Met de eerste in dit onderdeel voorgestelde wijziging wordt aangesloten bij de voorgestelde wijzigingen van artikel 2:45, eerste lid, van de Wft. Voor de toelichting op de voorgestelde wijzigingen wordt verwezen naar de toelichting op de in artikel I, onderdeel XX, voorgestelde wijzigingen van artikel 2:45 van de Wft.

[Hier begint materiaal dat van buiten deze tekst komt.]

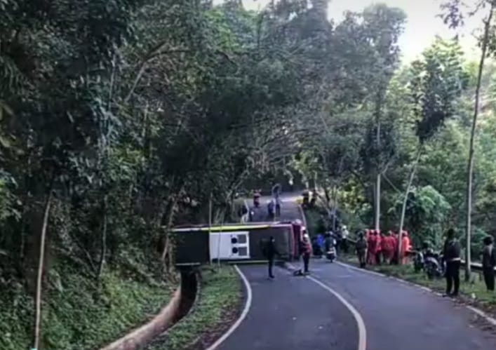 Bus Karyawan PLTU Terguling di Tanjakan Pacitan, 19 Penumpang Terluka

Met de tweede en derde in dit onderdeel voorgestelde wijzigingen worden wijzigingen voorgesteld die in het verlengde liggen van de in dit wetsvoorstel voorgestelde wijzigingen van artikel 2:10. Voor de toelichting op de voorstelde wijzigingen wordt verwezen naar de toelichting op de in artikel artikel I, onderdeel KK, voorgestelde wijzigingen van artikel 2:10 van de Wft.

RR

Uit artikel 3:6 van de Wft blijkt wanneer een waarborg- of garantiefonds als bedoeld in dat artikel een vergunning nodig heeft voor de uitoefening van het bedrijf van schadeverzekeraar, en wanneer een dergelijk fonds deze vergunning niet nodig heeft. Dientengevolge moet worden geconstateerd dat, als een dergelijk fonds op grond van artikel 3:6 van de Wft een vergunning voor de uitoefening van het bedrijf van schadeverzekeraar nodig heeft, ingevolge dat artikel hetgeen in de Wft is bepaald met betrekking tot onder andere de aanvraag van deze vergunning in het Deel Markttoegang financiële ondernemingen en het uitoefenen van het bedrijf van schadeverzekeraar in het Deel Prudentieel toezicht financiële ondernemingen en het Deel Gedragstoezicht financiële ondernemingen, van toepassing is op dit fonds. Evenzeer is hetgeen in de Wft is bepaald met betrekking tot de aanvraag van een dergelijke vergunning en de uitoefening van dat bedrijf, ingevolge artikel 3:6 van de Wft niet van toepassing op waarborg- of garantiefondsen waarop artikel 3:6, tweede, derde of vierde lid, van de Wft van toepassing is aangezien deze waarborg- of garantiefondsen niet over een dergelijke vergunning hoeven te beschikken (met dien verstande dat een dergelijk fonds in dat geval altijd de vrijheid behoudt om ervoor te kiezen om alsnog een dergelijke vergunning aan te vragen en te voldoen aan hetgeen daaromtrent en met betrekking tot de uitoefening van het bedrijf van schadeverzekeraars is bepaald in de Wft).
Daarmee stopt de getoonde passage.